**TASK DETAILS:**
Given these entries, repeat exactly the lines starting with the one that has "NUR 504 - EXAM 5 QUESTIONS AND VERIFIED" and going on through the one that has "A Faca BR FORCE", both included, but none of the pictures.

**WORKING DATA:**
-.-.-

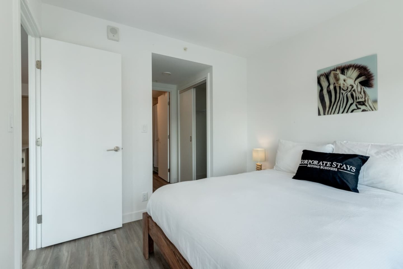 Escape to the spacious, luxurious bedroom that showcases skyline views and a cozy queen bed for a restful night’s sleep. Complete with stylish nightstands and a roomy wardrobe, plus a convenient private laundry area linked to your bathroom, comfort is prioritized. The contemporary bathroom features a stylish vanity and a walk-in shower (with some units offering a bathtub), complemented by fresh towels, toiletries, and a hairdryer to enhance your experience.
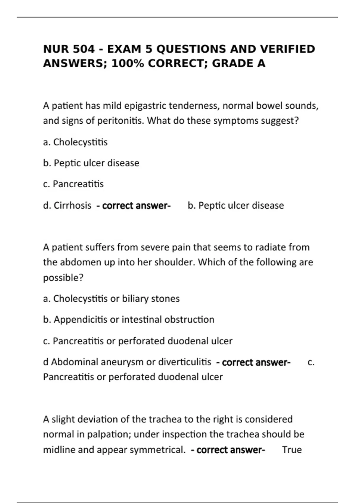 NUR 504 - EXAM 5 QUESTIONS AND VERIFIED
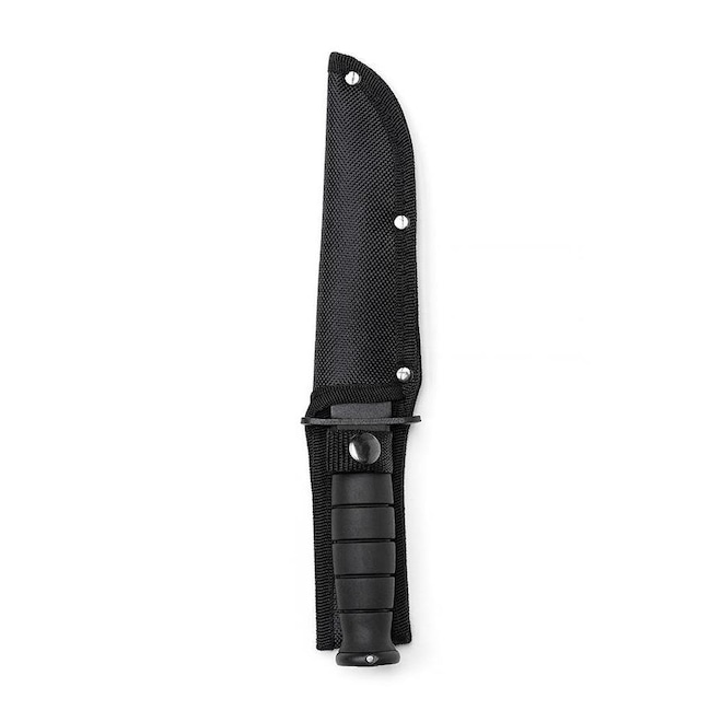 A Faca BR FORCE Barracuda possui lâmina em aço 3cr13 em acabamento preto, cabo emborrachado e bainha em Nylon.
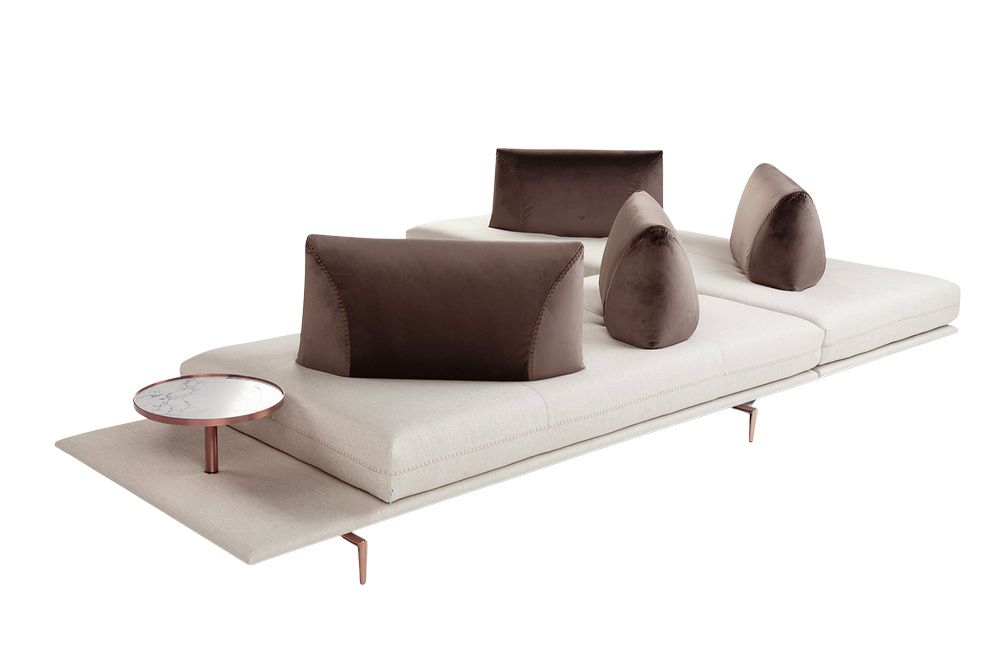 3 Gianduiotto Jr Es hijo de la colección principal Gianduiotto, es un sofá diseñado por Calia Italia para crear momentos informales de relajación total. Dos elementos que hacen que destaque son la mesa auxiliar que le añadieron y los cojines que parecen bombones.
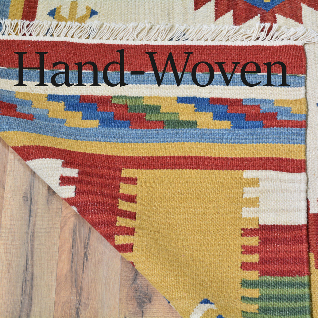 A Hand-Woven rug can also be called a Kilim, or Flatweave and it uses what is called a "Slit-weave" technique. The Slit-weave technique uses only a warp yarn as the foundation, allowing the weaver to build the rug by interlacing the yarn, as the weft.
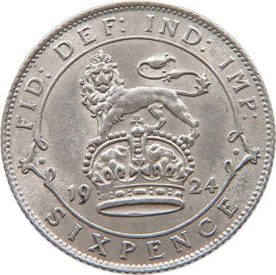 Find out the current coin value of the British Sixpence 1924 . This silver coin from the times of George V. Wondering how much a coin like this is worth? The record price belongs to the lot 32255 sold at the Heritage Auctions auction for USD 44,063. Bidding took place August 13, 2015.
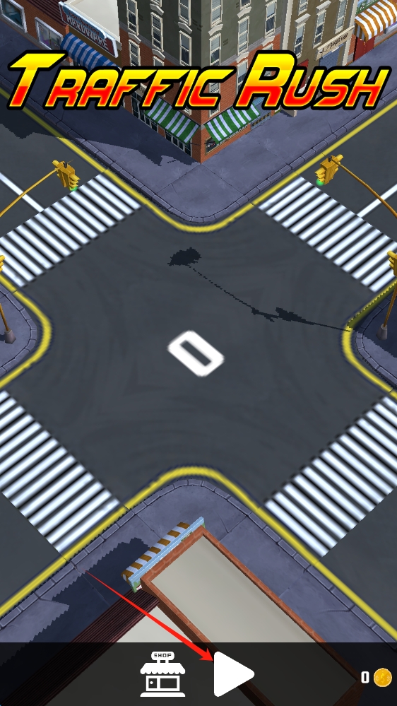 1、游戲標(biāo)題界面,呈現(xiàn)城市路口場(chǎng)景,有 “SHOP”(商店 )和播放按鈕,點(diǎn)擊開始游戲。

-.-.-

**RESPONSE BOX:**
 NUR 504 - EXAM 5 QUESTIONS AND VERIFIED
 A Faca BR FORCE Barracuda possui lâmina em aço 3cr13 em acabamento preto, cabo emborrachado e bainha em Nylon.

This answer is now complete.